The embodiment of the application provides a graphic processor which comprises a connection module, a sending switching module, a sender, a receiving switching module and a receiver; the connection module is used for generating a first data packet or analyzing the received second data packet; the sending switching module is used for forwarding the generated first data packet to the sender; the transmitter is configured to transmit the generated first data packet to a receiver of another graphics processor; the receiver is used for receiving a second data packet sent by the sender of another graphic processor; the receiving switching module is configured to forward the second data packet received by the receiver to the connection module. The connecting module is designed in the GPU, and the GPU can be directly interconnected through the receiver and the transmitter through the connecting module, so that an additional interface is not needed, and the difficulty of interconnection between the GPUs can be effectively reduced.
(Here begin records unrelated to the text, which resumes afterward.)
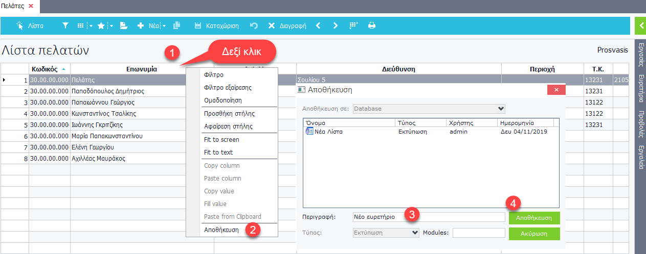 - Εξαγωγή σε Clipboard: Εκτελείται Εξαγωγή των επιλεγμένων εγγραφών για χρήση τους σε άλλη βάση. Η εισαγωγή πραγματοποιείται απο Μενού εργαλείων > System > Συνδέσεις & δεδομένα > Εισαγωγή από Clipboard.
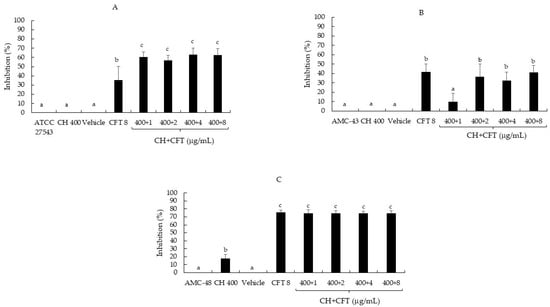 Inhibition percentage of S. aureus biofilm production by chitosan (CH), ceftiofur (CFT), and CH + CFT after 24 h of incubation. (A) S. aureus ATCC 27543. (B) S. aureus AMC-43. (C) S. aureus AMC-48. The vehicle used was: 1% acetic acid, pH 5.6. Evaluation of different combinations of CH + CFT are shown. Graph represents the mean ± standard deviation. Different letters within each column indicate significant differences according to Tukey’s test (p ≤ 0.05).
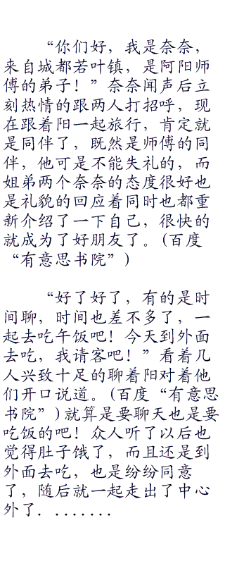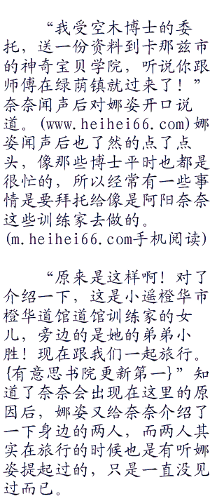 “师傅!!”很明显这个女生就是奈奈了,而奈奈也在四处张望着,很快就发现了阳的身影立刻挥着手朝着这边走过来了,而阳也是挥了挥手,很快的奈奈就来到了阳的身前,随后立刻兴奋的开口“三零零”说道。“真是好久不见了师傅,这段时间我好怀念跟你还有娜姿姐一起旅行的时候!”
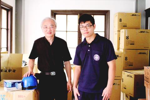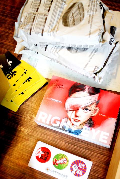 On Monday — the 100-day milestone of the protests — Lin was at Che-lam Presbyterian Church (濟南教會) next to the Legislative Yuan, sorting boxes of donated protest gear bound for Hong Kong. He bantered in Cantonese with a young woman who had flown to Taipei to pick up the boxes and courier them back to the city.
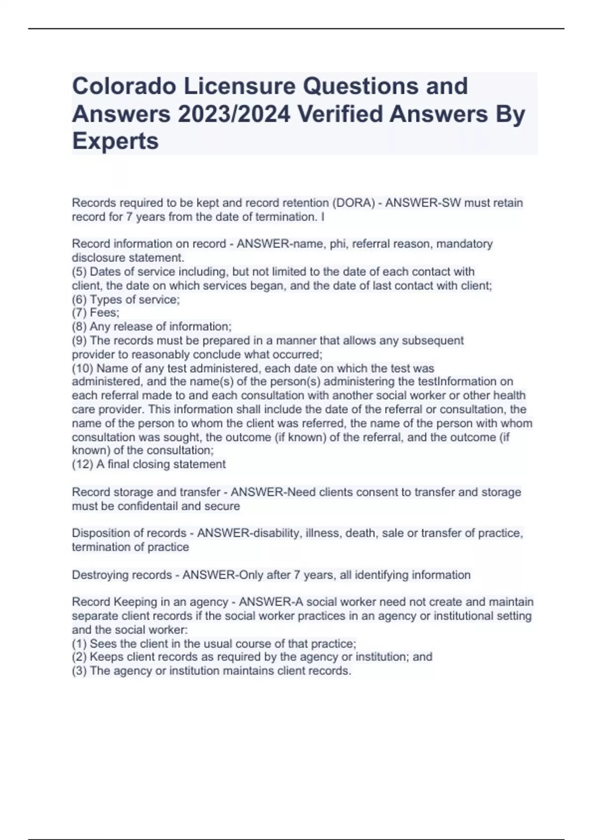 Colorado Licensure Questions and Answers 2023/2024 Verified Answers By Experts Colorado Licensure Questions and Answers 2023/2024 Verified Answers By Experts Colorado Licensure Questions and Answers 2023/2024 Verified Answers By Experts Colorado Licensure Questions and Answers 2023/2024 Verified Answers By Experts Records required to be kept and record retention (DORA) - ANSWER-SW must retain record for 7 years from the date of termination. I Record information on record - ANSWER-name, phi, referral reason, mandatory disclosure statement. (5) Dates of service including, but not limited to the date of each contact with client, the date on which services began, and the date of last contact with client; (6) Types of service; (7) Fees; (8) Any release of information; (9) The records must be prepared in a manner that allows any subsequent provider to reasonably conclude what occurred; (10) Name of any test administered, each date on which the test was administered, and the name(s) of the person(s) administering the testInformation on each referral made to and each consultation with another social worker or other health care provider. This information shall include the date of the referral or consultation, the name of the person to whom the client was referred, the name of the person with whom consultation was sought, the outcome (if known) of the referral, and the outcome (if known) of the consultation; (12) A final closing statement Record storage and transfer - ANSWER-Need clients consent to transfer and storage must be confidentail and secure Disposition of records - ANSWER-disability, illness, death, sale or transfer of practice, termination of practice Destroying records - ANSWER-Only after 7 years, all identifying information Record Keeping in an agency - ANSWER-A social worker need not create and maintain separate client records if the social worker practices in an agency or institutional setting and the social worker: (1) Sees the client in the usual course of that practice; (2) Keeps client records as required by the agency or institution; and (3) The agency or institution maintains client records.

Referring to fig. 5, an embodiment of the present application provides a data transmission method, which can be applied to the graphics processor described in the foregoing embodiment, and specifically, the method may include the following steps.
Step 110, obtain first data, the first data is the data that needs to send to another graphic processor.
When the GPU is connected with another GPU, data transmission can be performed between the two GPUs. When the graphics processor is used as a data transmitting end, the graphics processor can acquire data which needs to be transmitted to another graphics processor, namely, first data. As in the previous embodiment, the connection module in the graphics processor may obtain the first data from an on-chip interconnect bus.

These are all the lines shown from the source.